Festival Volunteers: Unsung Heroes Bring Colour to Chinese New Year

Meet the backbones of Chinese New Year Celebrations, without whom the festival would not be possible. By Qiwei Wang, subeditor Tara Mearsheimer.

volunteers at morning briefings/ Qiwei Wang
volunteers at morning briefings/ Qiwei Wang

 

They come from all walks of life and they decide to celebrate the New Year Festival in a unique way— by becoming part of it. From providing information to the visitors, to supporting the operations at backstage, more than a hundred volunteers joined the big army of people celebrating the Chinese New Year.

It’s not just their bright-colored uniforms that distinguish them from the crowds that gathered at Trafalgar Square. It’s also their passion to contribute and eagerness to help.

 

volunteers hanging Chinese knots/ Qiwei Wang
volunteers hanging Chinese knots/ Qiwei Wang

 

In order to make the festival go smoothly, these volunteers had to make a sacrifice. They arrived before anyone else at the spot when the square was still empty. After the final preparations, they needed to ensure every performer had a lunchbox before finally grabbing a quick meal for themselves. And when the grand show eventually started, with all the audience gathering around the stage and cheering, they were either at backstage or at information stands.

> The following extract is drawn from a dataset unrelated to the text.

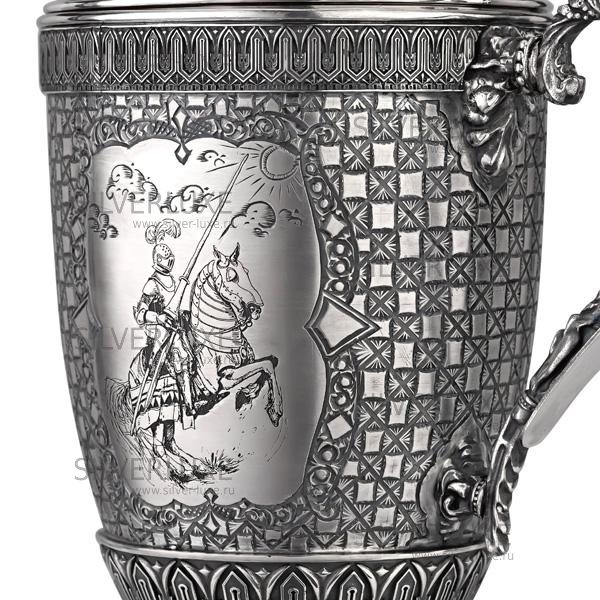 Серебро 925 пробы. На кружке изображены: замок, всадник на коне и воин. На оборотной стороне ручки, имеется небольшая площадка под гравировку. Гарантия высшего качества от фирменного магазина!

“I think it’s an unforgettable experience for me to spend Chinese New Year here in the UK,” says Yun Lin, 23-year-old university student, who is a volunteer translator during the day. “It’s my first time not celebrating it with my family back in China, but I don’t feel lonely because there is a community of Chinese people here and I have made my contribution on this special day.”

 

volunteers preparing snacks at backstage/Qiwei Wang
volunteers preparing snacks at backstage/Qiwei Wang

 

Although a large part of the volunteers are Chinese, there are people who come from different cultural backgrounds as well. Celicial Adetunji from Rochester in Kent is a backstage assistant today, and she came to London especially for this event.

“It’s such a great opportunity to get first hand information of the Chinese culture,” she says while busy taking the chairs to backstage. “I enjoy working with my Chinese colleagues and I have an insight into how the show operates today. I even got pocket money from Cai Shen, [the god of prosperity worshipped in Chinese culture] in the afternoon!”

 

the crowds in Trafalgar Square/Qiwei Wang
the crowds in Trafalgar Square/Qiwei Wang

 

“You can feel such an integration of cultures,” says Marco Leung, university student from Sydney and came to London last year, “we also have celebrations at China Town in Sydney, but the atmosphere here is quite different and I saw so many international friends come here today. ” As a press assistant, he said he was excited to accompany so many VIPs to the press area.

“London’s celebrations are the biggest outside China,” says Joseph Wu, Deputy Festival Director of this year’s event, “we couldn’t have made it possible without the help from these volunteers. Together with organisers and performers, we bring out the best of Chinese culture.”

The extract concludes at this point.